Abstract:
A rasterizer is used with a processor capable of providing raster data indicative of a pattern of pixels to be formed on a display. Each pixel has an attribute represented by a data value. The rasterizer has a replicator connected to form at least two copies of the raster data. A graphics engine is connected to use the at least two copies to store the data values in a memory. An output circuit is connected to use the data values stored in the memory to form the pattern on the display.

Description:
BACKGROUND OF THE INVENTION 
     The invention relates to generating color text. 
     As shown in FIG. 1, to display a text character (e.g., an &#34;h&#34; 17) on a display 16, a central processing unit (CPU) 25 of a computer system 12 typically generates both monochrome raster data 11 defining the character and an address specifying the location on the display 16 at which the character should appear. A rasterizer 14 uses the raster data 11 and address to store the character in a frame buffer 13. A digital-to-analog converter (DAC) 21 scans the frame buffer 13 to generate analog signals (e.g., RGB 15 signals) on the display 16. 
     As shown in FIG. 2, the raster data 11 directs the placement of foreground pixels (each pixel having a predetermined foreground color) of the character on the display 16 by defining a bit mask for a corresponding block 23 of pixels. One bit value (e.g., a logical one) sets the color of a corresponding pixel equal to a predetermined foreground color, and another bit value (e.g., a logical zero) leaves the color of the corresponding pixel unchanged (i.e., the background of the character is transparent). The size of the character (i.e., the size of the raster data 11 and the size of the pixel block 23) is a function of a user selected character size, and the particular mask defined by the raster data 11 is a function of a user selected font. 
     The rasterizer 14 typically has a graphics engine 10 30 (FIG. 1) which stores a color value (a value that represents the color of a pixel) for each foreground pixel in a frame buffer 13 (FIG. 3). The pixel block 23 has an associated region 19 in the frame buffer 13 that contains a color value for each pixel in the block 23. 

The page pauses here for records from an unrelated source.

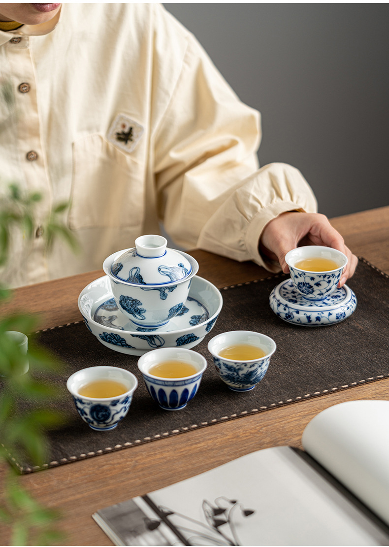 レトロなブルーロータスポット、籐乾燥バブルテーブル、紫砂ポット、ソーサー、大型ヘチマポット、貯水式ティーテーブル
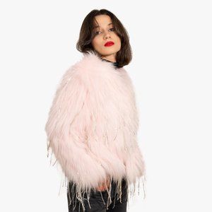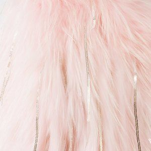 Give your wardrobe some serious attitude! This genuine pink rabbit fur jacket will throw you into the spotlight wherever you go. Striking from every angle, silver sequin strands compliments the fur's soft hue and make will make any of your outfits dazzle. Make a statement this winter.
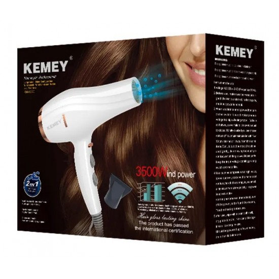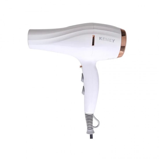 Πιστολάκι μαλλιών της Kemei, υψηλής ισχύος, με δυνατή ροή αέρα για γρήγορο στέγνωμα και φορμάρισμα των μαλλιών. Παρέχει λειτουργία ιονισμού, μια τεχνολογία που βοηθάει στο να μην ηλεκτρίζονται τα μαλλιά, προσφέρει περισσότερο όγκο και δεν επιτρέπει το φριζάρισμά τους.
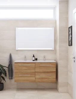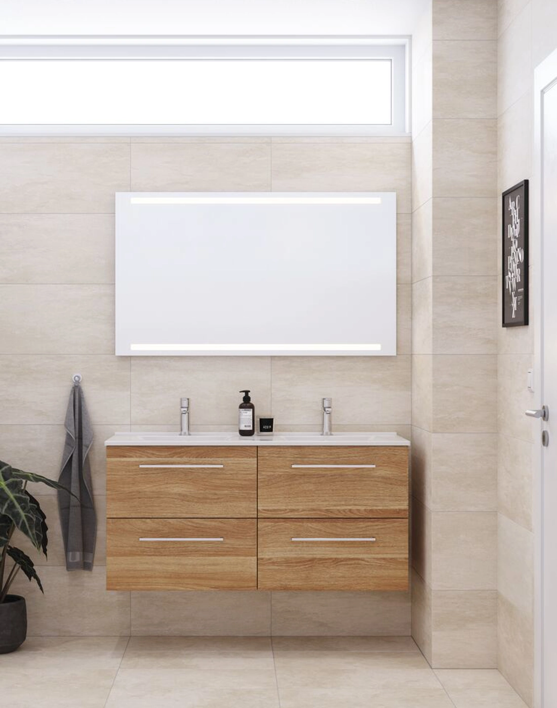 The Repeat mirror is a stylish and practical choice for your bathroom. The mirror has integrated lighting both at the top and bottom, creating optimal lighting in the room. The Repeat mirror is available with or without sensor control. If you choose the sensor model, you can easily turn the light on and off without touching the mirror. The mirror is of incredibly high quality, making it both durable and sustainable. You can buy a anti-mist pad for the mirror to prevent the mirror from fogging up when you shower. You must install the anti-mist pad yourself.
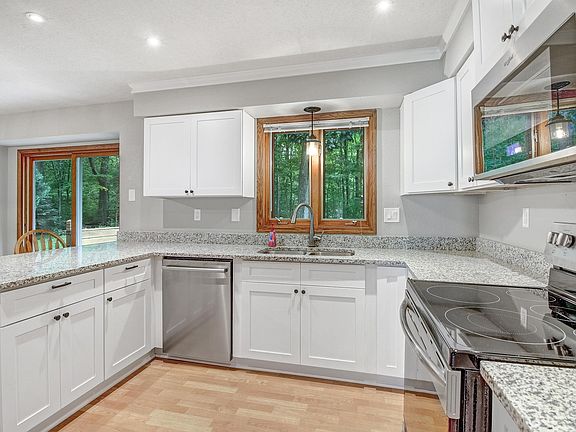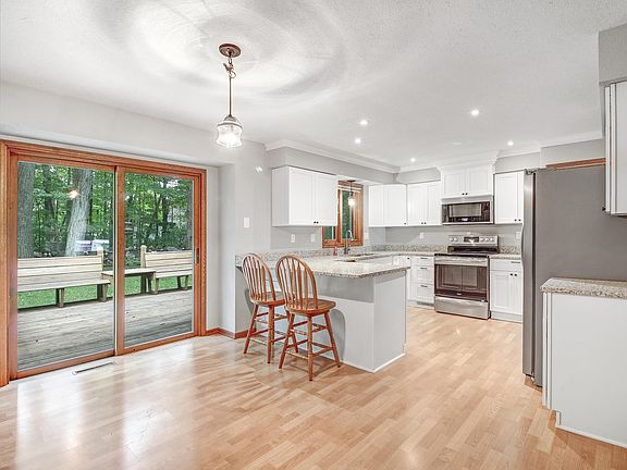 Opportunity to buy the ranch style house at the end of the subdivision with fantastic wooded views! Home features 3 bedrooms and 2 full baths that were both recently remodeled! Enjoy a brand new kitchen will all new white cabinetry, stainless steel refrigerator; recessed lighting and flooring. Living room has vaulted ceilings, fireplace, and plenty of room for furniture. Main floor laundry and mud-room of garage. Newer roof, furnace, A/C, & water heater. Backyard features a wood deck and beautiful setting with mature trees and great views! Garage is 21' 6'' deep and 21' 3'' wide.

     The color value is typically defined by one or more bytes, and a copy of the color value for the predetermined foreground color is typically stored in a color register of the graphics engine 10. As an example (FIG. 4) of the format of the color value, in a True Color mode (a mode allowing over 16 million possible pixel colors), the color of each pixel is uniquely defined in a red, green and blue (RGB) color space by three bytes 15: one byte (the least significant byte) defines the blue component of the color, one byte (the second most significant byte) defines the green component of the color, and one byte (the most significant byte) defines the red component of the color. The rasterizer 14 typically has a digital-to-analog converter (DAC) 21 to convert the digital color values from the frame buffer 13 into the analog signals furnished to the display 16. 
     To process True Color text, the graphics engine 10 might be a twenty-four bit engine used to selectively write twenty-four bit color values to the frame buffer 13 depending on the bits of the raster data 11. In other rasterizers for True Color text, the graphics engine might be a thirty-two bit engine used to selectively write thirty-two bit color values (a twenty-four bit color value and eight bits of padding) to the frame buffer 13 for each pixel. 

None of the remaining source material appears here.